Culture and Culturally Competent Counselors

Being Culturally Competent Letitia Batton Walden University Being Culturally Competent Counselors should have a sense of compassion and respect for people who are culturally different. As a social worker, it is easy to make diagnosis based on verbal and non-verbal presentation of our clients. Hays (2008) stated there are many factors to assess which include race, class, family structure, culture, relationships, religion, and generational/cultural influences. Based on the case study of Mrs. Hudson her externalizing behaviors may stem from an underlying anxiety disorder.

It seems that her attacks are not medical in nature that is why she was referred by her primary doctor. She just recently started having these attacks and they happen out of the home and when she has to interact with others. Her assessment reveals that she is presently considered middle class, attended church prior to attacks, family oriented, and educated. Some potential concerns could be her daughter’s illness and past issues with her father that never got closure. Haitian culture relies on spiritual healing more so than Americanized tradition and this may be a big step for Mrs. Hudson (Pierce & Elisme, 2001).

Counselors must be trained and competent when implementing diagnosis with culturally diverse clients. (Sue, 2008). DSM-IV provides counselors a tool to evaluate client’s cultural context (Hays, 2008). This process helps counselor’s assess their client’s background, cultural explanation of their issues, client’s environment, relationships, and overall cultural assessment to diagnosis and treatment (APA, 2002). Researchers have argued that the DSM-IV does not accurately represent all minorities (APA, 2002). It is important that counselors understand the family structure in order to provide the most accurate assessment information possible.

Unfortunately, counselors are not immune to stereotypes. Beliefs in stereotypes, whether conscious or not, may lead to incorrect diagnosis and misunderstandings between the clinician and the client (Hays, 2008). These beliefs may stem from television or news reports. If believed, they may cause counselor to incorrectly interpret the diagnosis. When this happens the client may become offended and end counseling. Counselors should have knowledge of their own general views, as well as specific knowledge about diverse client’s issues (Sue, 2008).

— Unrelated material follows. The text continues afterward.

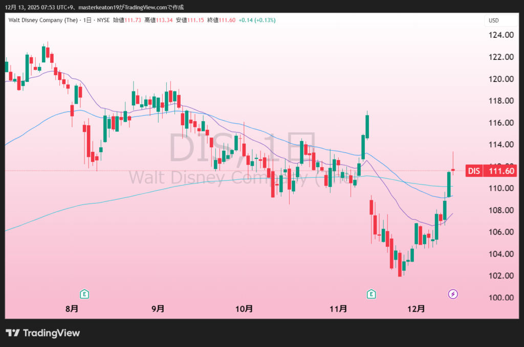 ↓↓ディズニー(DIS)の株価チャート(日足)

Diversity in family structure should also be taken into consideration when formulating goals and assessing treatment success or failure (APA, 2002). Counselors also attempt to understand the cultural values of each client to gain feelings of trust. Some issues with culturally competent assessments is that it is not race specific and whether existing instruments measure the correct attributes, based on different cultures (Hays, 2008). Diversity plays a role in many aspects of assessment, diagnosis, and treatment.

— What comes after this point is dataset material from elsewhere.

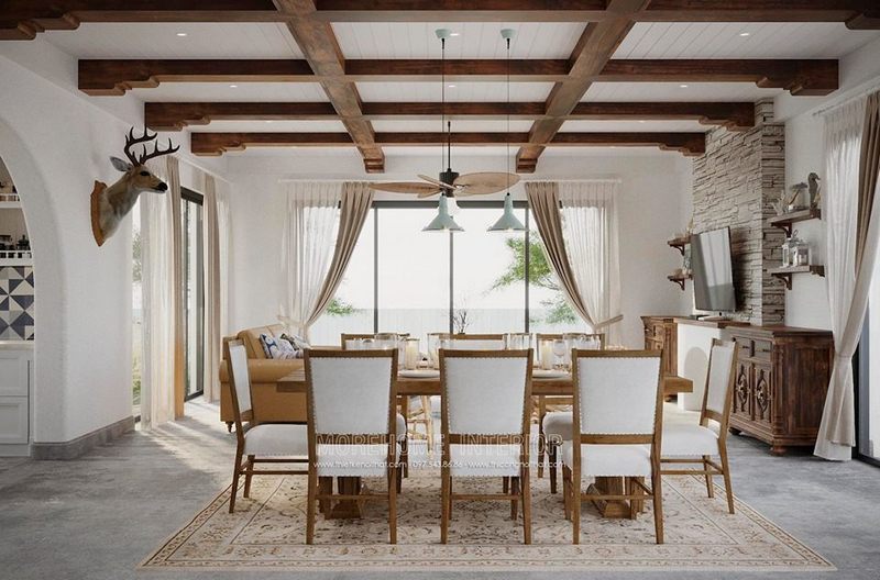 Nội thất phòng ăn gỗ tự nhiên được bố trí hợp lí mang đến sự sang trọng và thông thoáng, tạo cho gia chủ thuận tiện hơn

Clarity in these three characteristics may allow counselors to better assist families from diverse backgrounds and that will bring about better treatment outcomes (APA, 2002). Counselors should have an attitude of cultural humility in knowing their limits of knowledge and skills in rendering diagnosis with certainty than reinforcing stereotypes and generalizations (Sue, 2008). While guidelines exist for conducting a culturally competent assessment, few of these guidelines provide the link between the information gathered, the initial decision making, and the development of the treatment plan (APA, 2008).